Easy to change

In our capitalistic world software is the tool for fulfilling the business needs. In order to sell, in order to be competitive software have to evolve. You can’t imagine Windows 3.11 on today’s computers. IPhone 3 is not an option. Software becomes more complicated in our microwaves, fridges, cars, thermostats. There are two ways of growing - to the width and to the depth. In my opinion - width is providing more functionality, while depth growth is enhancing current - making stuff work better, faster, taking less resources. This time I would talk about growing to the sides, while next time I’ll talk about fixing and improving software product.

Fast, safe, easy Market is fast. If you do not deliver a feature in time, your competitor do. In order to work faster, workbench should be ready when the carpenter starts his work. In terms of software engineering, workbench is framework. Programmer expects that adding a feature will be as simple as writing code. So, business requirements already should be ready for him. Also, the architecture should allow fast extension. If feature demands adding UI components - project should have UI layer, and clear vision of working with it, while it’s collaboration with graphic designers or binding mechanisms and design pattern in use. Those have to be consistent, once MVC there always be MVC, until it’s decided to rewrite this part. If change includes adding an algorithm, algorithm layer should exist, and algorithms have to be provided by some kind of factory.

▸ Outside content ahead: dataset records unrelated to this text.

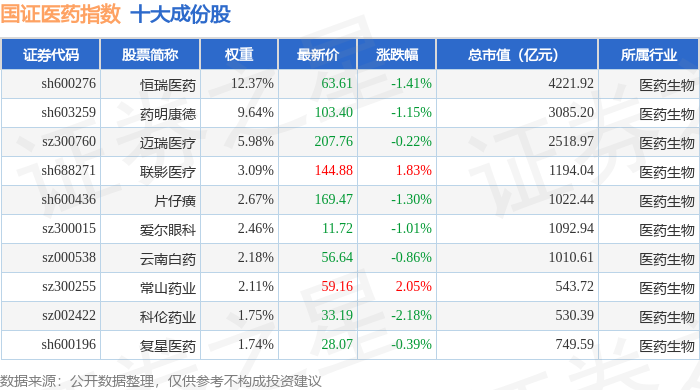国证医药(399394)指数十大成份股详情如下: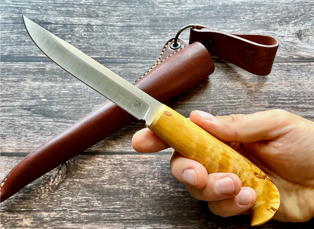 На клинке Ilmari воткнули 95Х18, проверенная чуть ли не питекантропами сталь. Ничего особенного, из плюсов только то, что неплохо заточку держит и лютое содержание хрома, а значит, не ржавеет совсем. Обух в 3, 5 мм, но к кончику сведен чуть ли не в иглу, поэтому, нож вполне можно использовать, как бандитский, если с головой не дружите, но важно помнить, что столь деликатный кончик обломится от любой солидной поперечной нагрузки. Если серьезно, то ковырять можно все, что угодно, но осторожно. Спуски с середины и есть микроподводы, что выводит нож из канонов и вводит в пантеон просто отличных ножей. По опыту: приготовил огромный обед, резал ножом на доске уйму всего в течение часа. Появился микрозамин в том месте, где нож барабанил по доске. Убрал одним движением мусата и двумя движениями на ремне вернул ножу первозданность.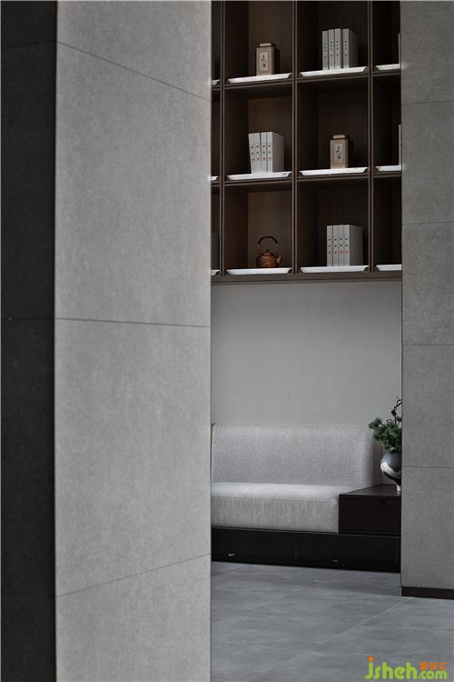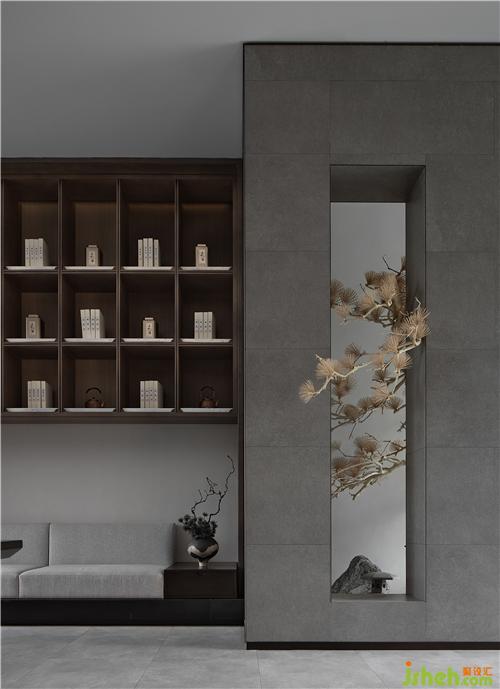 步入架空层,漫思MANS以立体解构层进及手法来表现,以低饱和度的色彩感受呈现空间美感。上海售楼处设计材质的肌理与禅意融合,形与意相得益彰,使其空间依稀有物,空而不空,从而生出"实景清而虚景现"格调。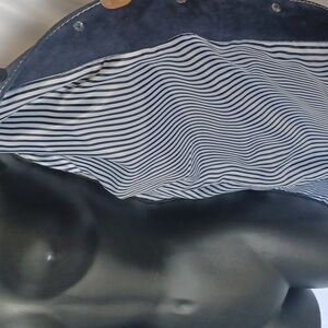 Dialogue genuine suede fully lined knee length jacket in blue w/white stitching
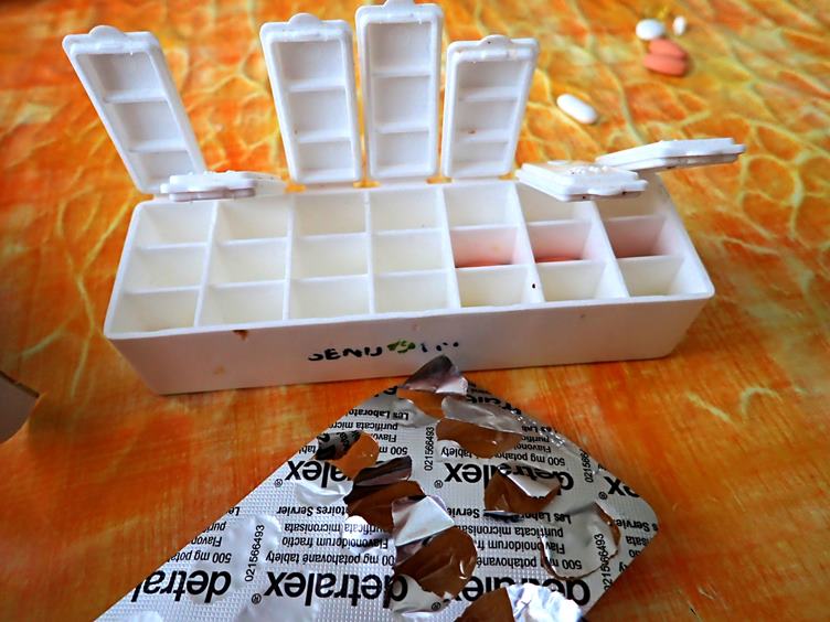 Ráno pohled na ulici, doplňování lékovky a ostravská klobása zapečená v sýru... Klokanky... Sníh na dvorku... Barvení... Večeře... A nový obrázek z internetu na ploše notebooku...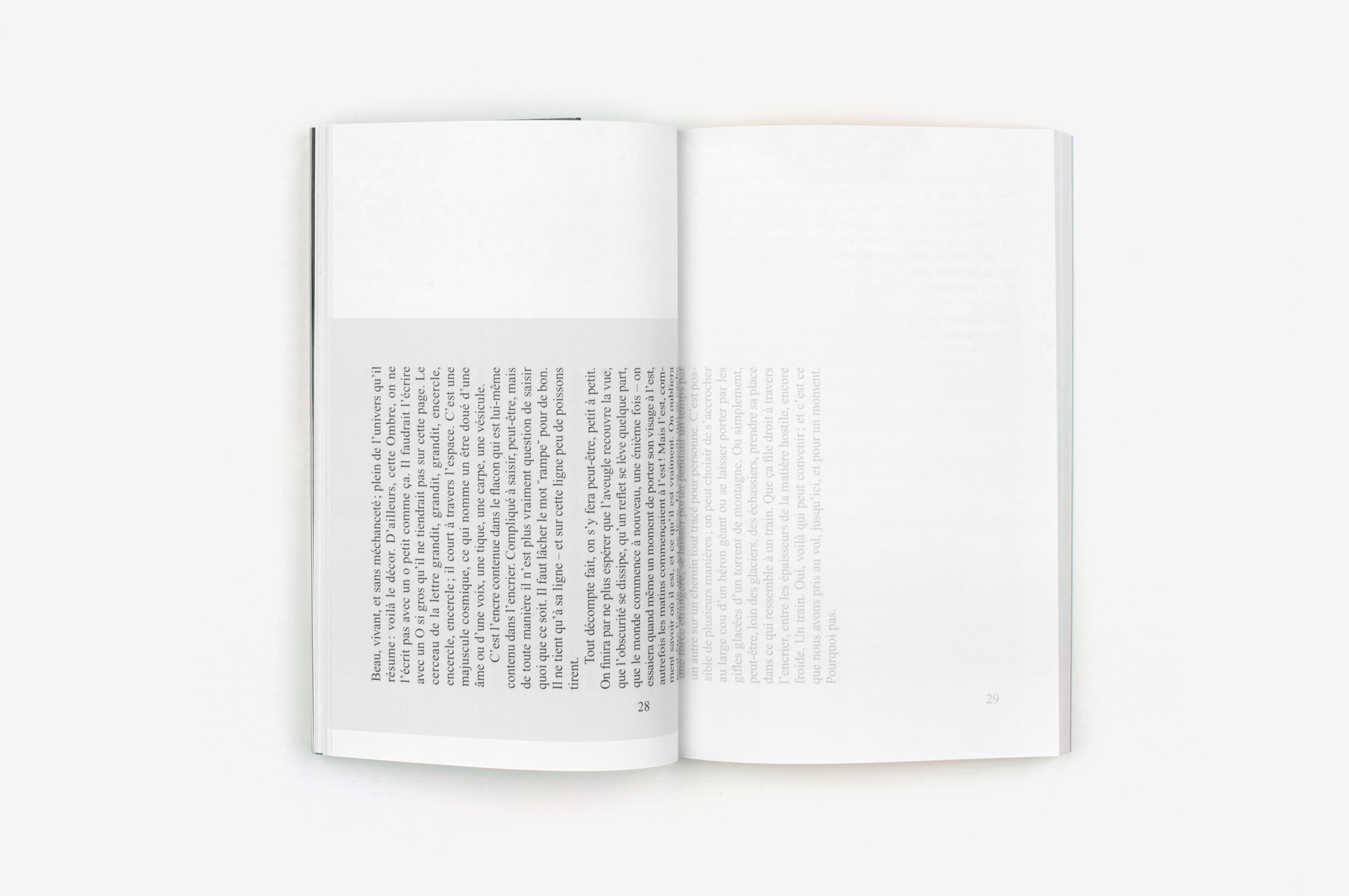 This book is the fifth work in the Collection Chaumont: fiction. Des livres bizarres, begun during my residence in Chaumont in 2007. It was the first novel by the multidisciplinary artist Joseph Schiano di Lombo and appeared more than ten years after the first four books in the series. The book concludes a publishing project that has paved the way for many personal publishing projects. In its graphic design, the book has the archetypical appearance of a detective novel in its most mainstream form. At the same time, the book’s design is strangely confusing, giving it a false dimension: the spine, the back cover, the reading direction… the reader is deceived as much by the layout as by the text. The traditional colour scheme of the detective novel is present, but made restless by overprinting. The cracks inside the book are highlighted with white ink. Hot gold fingerprints on the cover lead us to a four-handed culprit!

That means that project manager that wants to start adding features fast should ready the ground. With help of architects design should be proposed to answer the needs of the goal project. All people who will work in team, should be trained well on the design.

Another preparation for work should be in the infrastructure. Fast builds, continuous integration, integrated issue tracker and good source control system is a must. All above is actually time-consumers and should work as fast and seamless as possible. All routine tasks should be automated. Documentation should be generated from code.

The loop of requirement analysis, design, code and test/verification should be as fast as possible. In my point of view, that means that tasks should be small, well-defined and testable.

That brings me to second point I want to talk about: testing.

One of the most common programmers’ fears is breaking something existing by adding functionality to software code. Regression testing can help overcome that fear. Once, done manually, by programmer himself or by quality assurance person, it could took long time. Waiting for the feedback paralyzes work. Automatic regression tests were introduced - faster, but complex and complicated. And still slow. And demanded maintenance. It’s still debated, but in my opinion, that muda, that wasted time, may be greatly reduced by replacing those test with much faster unit test suite. Unit tests are the safety net for the code. TDD, technique that makes best coverage by promising no untested code by its definition greatly helps. To make unit tests work, however, couple of steps should be taken. First, check-ins that fail any of tests should be disallowed. Second, any functionality related code change have to be covered by test. Also, architecture should allow painless testing: keywords are Dependency injection, Programming to interfaces, layered structure. Everyone have to comply working by these principles. Whenever rules are broken, safety net is tearing apart. Classes and modules shouldn’t depend tightly on each other - this way mocking external dependencies is simpler.

Downside of unit testing that it’s not 100% can replace regression testing. UI, databases, hardware and integration can’t be tested this way. Anyway, relying on passed unit tests reduces waiting time and eliminates amounts of bugs prior QA or Customer phase.

Code covered by unit tests, where each unit does what it supposed to do and does it right, is safer to change.

Easy to extend Ideally, if you have your code is built from blocks, which are connected by interfaces to each other, it would be great if you can change the block easy.

For example of the change, let’s see replacing method in code: we can replace

QuickSort(array);

With

MergeSort(array);

Interface is same, change is only in one place, so it does the job. But what if change is in more than one place? Searching and replacing may be annoying, fast switch is impossible and in any case, this way is prone to errors. So even if change is needed through large codebase, it should happen once. Dependency Injection is technique that solves this problem. Specify the interface, use only it through the code and switch between implementation on the fly. Depending on framework, there even may be no work with code needed - only configuration change. Using DI container technique also implies better performance: objects that their lifetime is long will be created once, less memory leaks and simpler testing, are additional pros of using dependency injection. The cons are additional maintenance and need to train the programmers to think and work in DI in mind. Example for previous case would be:

var sorter = container.Resolve<ISorter>();
sorter.Sort(array);

and in some configuration there should be:

container.Register(Component.For<ISorter>().ImplementedBy<MergeSort>());

Also, the interface ISorter should be referenced by both implementations.

So, to the conclusion. Extending product easily is a hard work. Investment in training, infrastructure and process improvements are critical. To keep stuff working the right way, team have to understand and support management, and management should support the teams. But when on track, using of mentioned techniques leads to quality, safe and extendable code, which, in its turn, makes the product standing out between the competitors.